His dad’s end goal, it seemed, was to find the perfect fruits for south Louisiana, a quest that took considerable patience.
He paid attention to which trees had certain characteristics — tolerance to the heat and humidity, disease resistance. Once he’d selected those varieties, he then had to wait years to see what kind of fruit it would produce, how often and how much.
When Perdue Jr. sold the farm 30 years ago and moved his family to St. Amant, it was with one caveat — that he be allowed to come back in the fall and transplant a particular pear tree.
To this day, the family isn’t sure what made Perdue Jr. pick that tree, as it hadn’t yet produced any pears.
“I guess he just had a hunch it would be a good mix (of characteristics),” Perdue III said.
He turned out to be right.
The fruit from this tree, which the family calls the Perdue Pear, started producing fruit that year, and has produced a smooth-textured, sweet pear in abundance for 29 of the last 30 years in their St. Amant back yard.
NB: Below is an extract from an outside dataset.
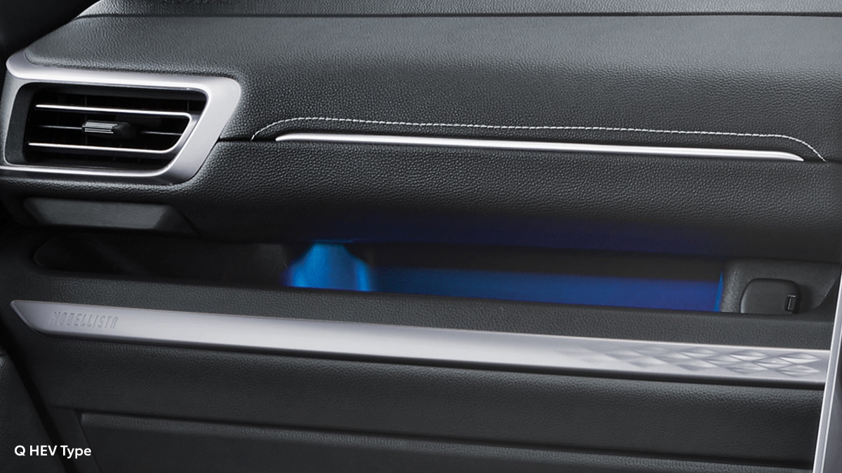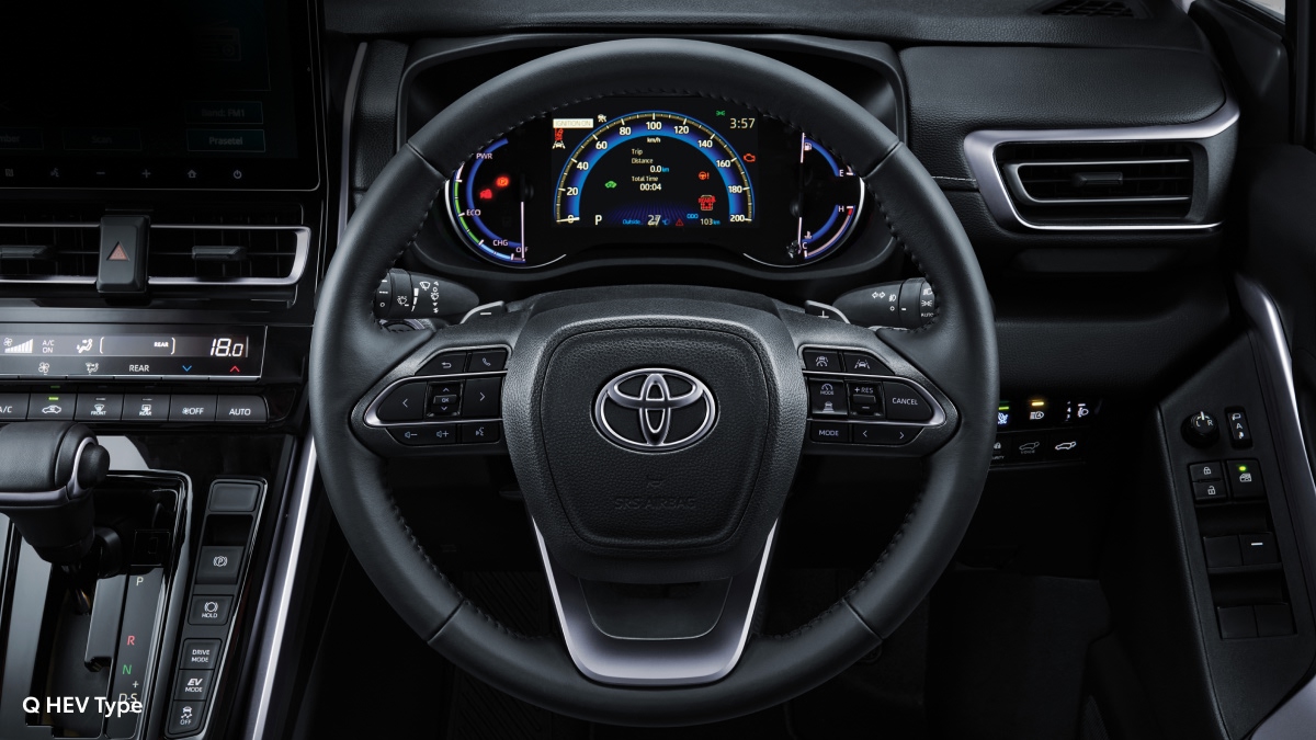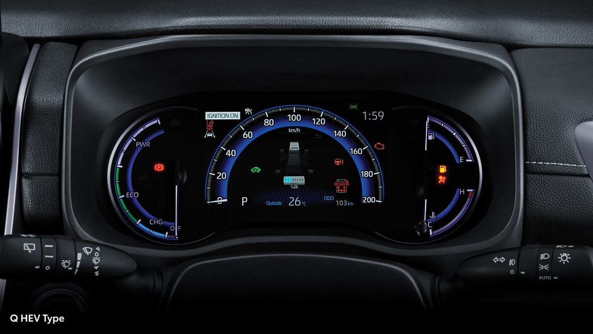 Full Dashboard dengan warna Two-Tone dan Luxurious Soft Pad (Tipe V) siap menemani Anda selama perjalanan berlangsung. TFT MID (Multi Information Device) berukuran 4,2 inci akan menyajikan beragam informasi selama perjalanan berlangsung. Tambahan Illumination Light Instrument Panel (Tipe V) akan semakin memperindah dashboard.

“It’s not a Barlett. Bartletts are the gold standard for pears,” said Jimmy Boudreaux, a professor with LSU’s Department of Plant, Environmental and Soil Sciences. “But (the Perdue Pear fruits) have very few grit cells, and (the tree) is disease resistant. For the south, it’s a good tree.” Grit cells, Boudreaux said, are what produce the gritty feel some pears have.
Perdue turned out to be right on a lot of points about this tree. It has never fallen prey to blights — a disease that plagues many pear trees in the southeastern U.S. — and the angle of its limbs to the tree trunk are wide.
That becomes important as the limbs start to bear weight, either of an ice storm, or of fruit. Many pear trees have very narrow limb angles, making them susceptible to splitting off the tree when weight is added.
Randel “Panco” Badeaux, who married into the family, started calling LSU in about 2004, trying to get someone to take a look at the pears, and tell them if they had anything special in the tree.